Tali ipotesi criminose devono esser commessi nell’interesse e vantaggio dell’ente ovvero caratterizzati dalla preordinazione del reato agli scopi sociali (attraverso una prospettiva ex ante) e con l’obiettivo di un concreto risultato conseguito o conseguibile alla luce della condotta posta in essere (da accertarsi ex post).

A ciò deve essere aggiunto quanto previsto per i criteri c.d. soggettivi, il D.lgs. n. 231/2001 infatti prevede tassativamente come l’illecito debba essere commesso da un soggetto che rivesta una determinata posizione all’interno dell’organigramma aziendale; l’autore del reato potrà essere sia un soggetto che riveste una posizione apicale sia soggetti sottoposti, ovverosia gerarchicamente subordinati a coloro che assumono ruoli di vertice e di controllo.

Di catartica importanza per le considerazioni che seguiranno è l’individuazione dei c.d. modelli organizzativi e di gestione come criteri di esclusione della responsabilità dell’ente in relazione all’autore materiale del reato.

Il legislatore, infatti, stabilisce espressamente la natura relativa della presunzione di responsabilità in capo ai soggetti apicali, che permette all’ente di essere esente dalla responsabilità penale qualora provi congiuntamente di:

  • aver adottato modelli organizzativi e di gestione idonei a prevenire la commissione dei reati della medesima specie di quello concretamente verificatosi;
  • l’istituzione un organismo interno di vigilanza (OdV), dotato di autonomi poteri di iniziativa e di controllo; la fraudolenta elusione dei modelli da parte degli autori del reato;
  • l’assenza di omessa o insufficiente vigilanza da parte degli organismi addetti alla vigilanza sul corretto funzionamento dei modelli organizzativi e di gestione.

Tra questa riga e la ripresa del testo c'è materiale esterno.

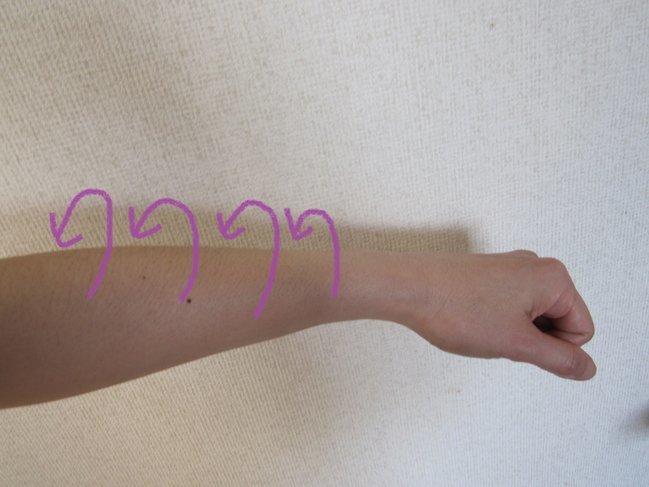 由於肌膚紋理是橫向的,所以依著紋理塗抹

L’Organismo di Vigilanza in relazione alla normativa privacy

Il d.lgs. n. 231/2001 poco dice sulle caratteristiche necessarie che deve possedere l’OdV affinché possa adottare i modelli organizzativi ed i controlli capaci di individuare i possibili rischi della commissione di fattispecie di reato.

Infatti, la norma che descrive il ruolo dell’Organismo, lo si ripete, stringatamente e non sufficientemente dettagliata, è l’art. 6 del decreto, il quale, in tema di superamento della presunzione di responsabilità dell’ente, prevede che “l’organo dirigente ha adottato ed efficacemente attuato, prima della commissione del fatto, modelli di organizzazione e di gestione idonei a prevenire reati della specie di quello verificatosi” e che “il compito di vigilare sul funzionamento e l’osservanza dei modelli di curare il loro aggiornamento è stato affidato a un organismo dell’ente dotato di autonomi poteri di iniziativa[3] e di controllo”[4].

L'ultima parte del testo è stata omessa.